Data excerpts:
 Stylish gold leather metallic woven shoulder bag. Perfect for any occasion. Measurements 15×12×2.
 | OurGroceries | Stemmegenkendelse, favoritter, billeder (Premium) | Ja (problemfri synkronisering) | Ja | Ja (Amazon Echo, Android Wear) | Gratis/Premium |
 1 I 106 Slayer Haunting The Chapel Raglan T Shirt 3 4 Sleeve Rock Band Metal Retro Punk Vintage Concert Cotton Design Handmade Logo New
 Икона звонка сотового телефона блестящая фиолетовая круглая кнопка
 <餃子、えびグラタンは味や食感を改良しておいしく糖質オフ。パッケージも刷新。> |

--

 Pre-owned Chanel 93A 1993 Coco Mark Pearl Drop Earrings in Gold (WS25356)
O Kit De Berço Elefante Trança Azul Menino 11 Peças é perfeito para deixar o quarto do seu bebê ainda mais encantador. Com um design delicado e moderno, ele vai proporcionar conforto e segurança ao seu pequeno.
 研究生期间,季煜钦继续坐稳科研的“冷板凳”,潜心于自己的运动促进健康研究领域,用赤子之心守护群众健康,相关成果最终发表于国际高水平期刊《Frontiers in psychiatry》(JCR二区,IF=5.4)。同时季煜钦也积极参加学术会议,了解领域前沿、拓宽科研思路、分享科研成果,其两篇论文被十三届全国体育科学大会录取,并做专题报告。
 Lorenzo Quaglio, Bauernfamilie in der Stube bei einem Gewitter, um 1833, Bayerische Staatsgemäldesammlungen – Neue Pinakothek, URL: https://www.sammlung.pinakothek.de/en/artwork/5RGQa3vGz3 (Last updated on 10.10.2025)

What to work on:
Among the entries above, locate the lines containing "Stylish gold leather" and "<餃子、えびグラタンは味や食", and transcribe exactly those two lines and all lines between.

Task response:
 Stylish gold leather metallic woven shoulder bag. Perfect for any occasion. Measurements 15×12×2.
 | OurGroceries | Stemmegenkendelse, favoritter, billeder (Premium) | Ja (problemfri synkronisering) | Ja | Ja (Amazon Echo, Android Wear) | Gratis/Premium |
 1 I 106 Slayer Haunting The Chapel Raglan T Shirt 3 4 Sleeve Rock Band Metal Retro Punk Vintage Concert Cotton Design Handmade Logo New
 Икона звонка сотового телефона блестящая фиолетовая круглая кнопка
 <餃子、えびグラタンは味や食感を改良しておいしく糖質オフ。パッケージも刷新。> |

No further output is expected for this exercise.